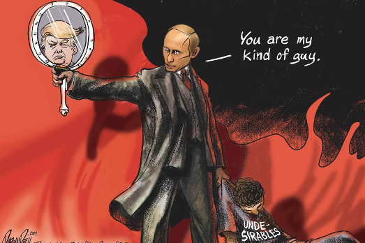 Per ora, la notizia della vittoria di The Donald alla convention repubblicana è stata salutata con un po’ di vignette. Ce le aspettavamo ben più cattive. E invece sono un po’ annacquate, poco velenose e piuttosto perbene. Che sia un nuovo corso, un altro esempio di politically correctness? Ci sono andati più pesanti i nostri vignettisti con la vicenda Bevilacqua La Masa, con la striscia che vi proponiamo un po’ più in basso nel nostro sito.
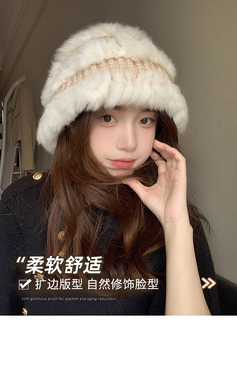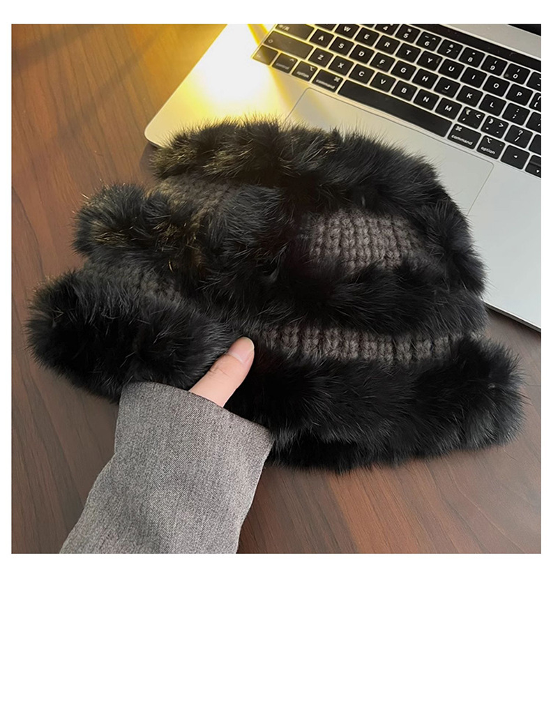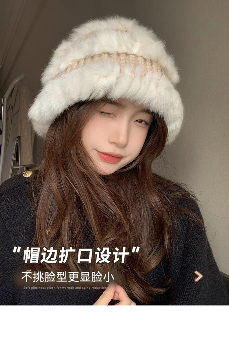 토끼 머리 니트 모자 여성의 가을과 겨울 새로운 큰 머리 착용 양모 모자 느슨한 두꺼운 따뜻한 어부 분지 모자 트렌디
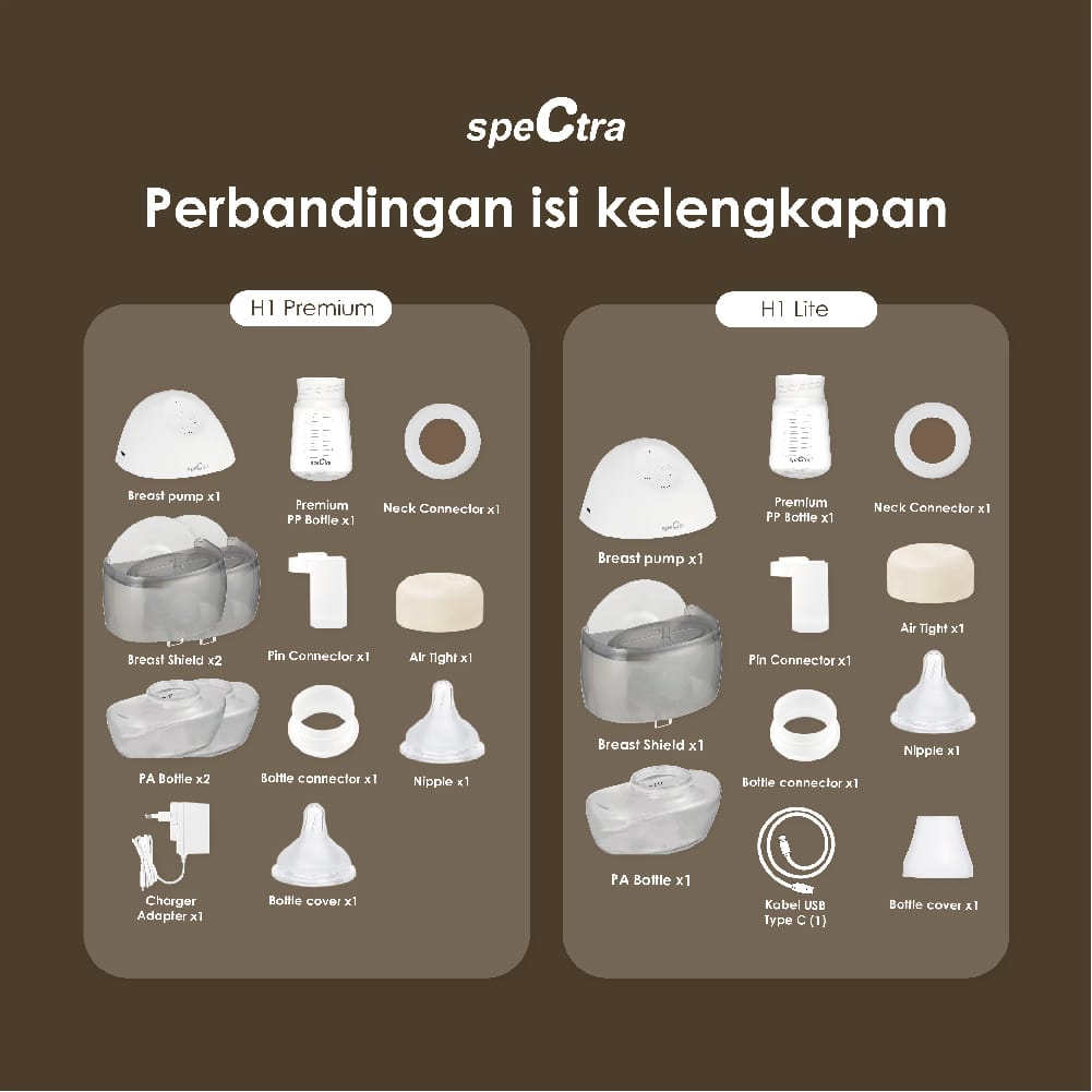 Memiliki 5 level mode pijat untuk menstimulasi LDR, memiliki 3 mode hisap dengan 5 level kekuatan hisap yang dapat disesuaikan dengan kenyamanan penggunanya. Semua bagian pada Spectra H1 Wearable Breastpump dapat dilepas sehingga mudah dibersihkan dan disterilisasi, terbuat dari plastik BPA Free dan memiliki sertifikasi KEMENKES RI.
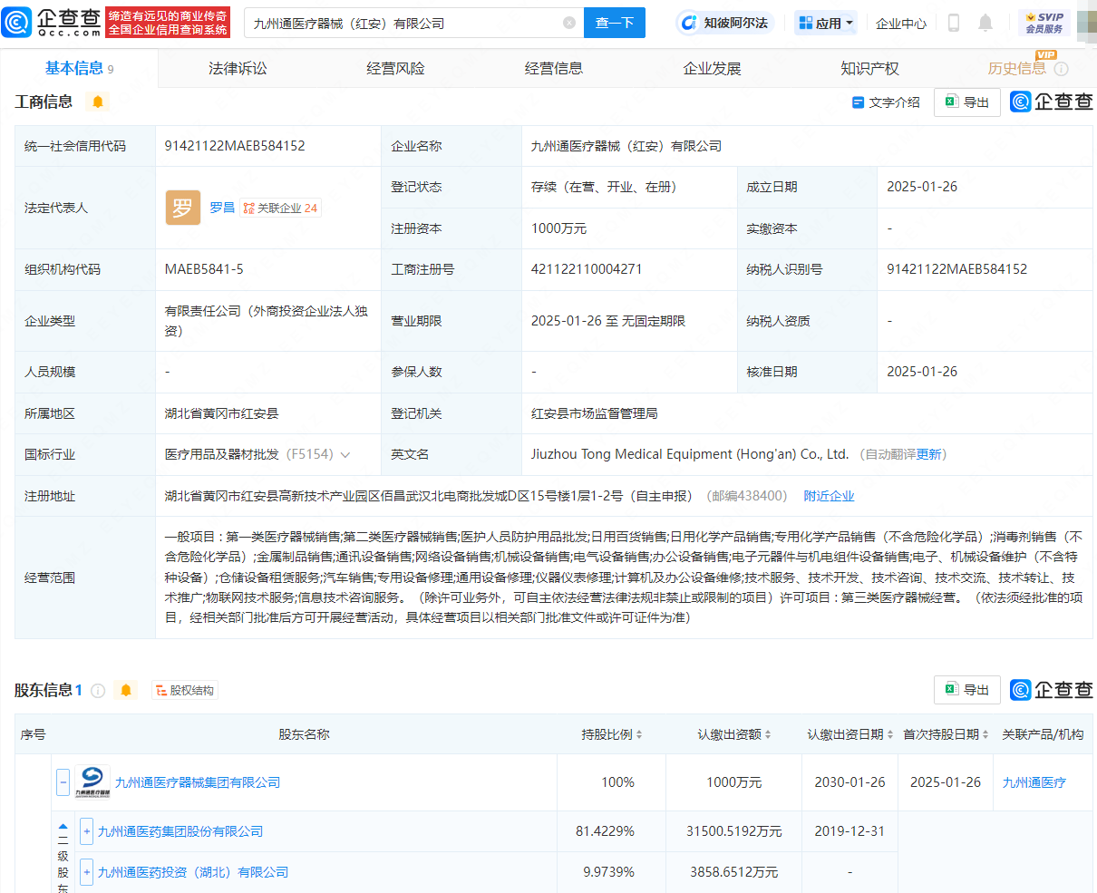 近日,九州通医疗器械(红安)有限公司成立,法定代表人为罗昌,注册资本为1000万元,经营范围包含:第一类医疗器械销售;第二类医疗器械销售;医护人员防护用品批发;日用百货销售;日用化学产品销售;通讯设备销售;汽车销售等。股权穿透显示,该公司由九州通(600998)旗下九州通医疗器械集团有限公司全资持股。
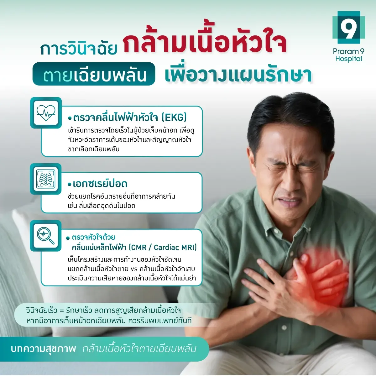 กล้ามเนื้อหัวใจตายเฉียบพลัน เป็นภาวะที่อันตรายถึงขั้นเสียชีวิตได้ทันที หากไม่ได้รับการรักษาที่ถูกต้อง การป้องกันสามารถทำได้ตั้งแต่เริ่มแรก อาทิ ควบคุมความดันโลหิต น้ำตาล งดสูบบุหรี่และแอลกอฮอล์ รับประทานอาหารที่มีประโยชน์ ออกกำลังกายสม่ำเสมอ ควบคุมน้ำหนัก ลดความเครียด และตรวจสุขภาพหัวใจเป็นประจำ หากมีอาการ เช่น เจ็บหน้าอก หายใจลำบาก หรือหมดสติ ควรรีบปรึกษาแพทย์ที่โรงพยาบาลพระรามเก้า ซึ่งมีทีมแพทย์เฉพาะทางด้านหัวใจ พร้อมเทคโนโลยีการวินิจฉัยและรักษาที่ได้มาตรฐาน เพื่อให้ทุกขั้นตอนเป็นไปอย่างรวดเร็ว แม่นยำ เพราะทุกนาทีสามารถทำให้การรักษาเป็นไปได้อย่างมีประสิทธิภาพ

+-------+

Print an exact copy of the lines above, from the one containing "토끼 머리 니트 모자" through the one containing "近日,九州通医疗器械(红安)", and leave out the pictures.

## SOLVED PROBLEM
 토끼 머리 니트 모자 여성의 가을과 겨울 새로운 큰 머리 착용 양모 모자 느슨한 두꺼운 따뜻한 어부 분지 모자 트렌디
 Memiliki 5 level mode pijat untuk menstimulasi LDR, memiliki 3 mode hisap dengan 5 level kekuatan hisap yang dapat disesuaikan dengan kenyamanan penggunanya. Semua bagian pada Spectra H1 Wearable Breastpump dapat dilepas sehingga mudah dibersihkan dan disterilisasi, terbuat dari plastik BPA Free dan memiliki sertifikasi KEMENKES RI.
 近日,九州通医疗器械(红安)有限公司成立,法定代表人为罗昌,注册资本为1000万元,经营范围包含:第一类医疗器械销售;第二类医疗器械销售;医护人员防护用品批发;日用百货销售;日用化学产品销售;通讯设备销售;汽车销售等。股权穿透显示,该公司由九州通(600998)旗下九州通医疗器械集团有限公司全资持股。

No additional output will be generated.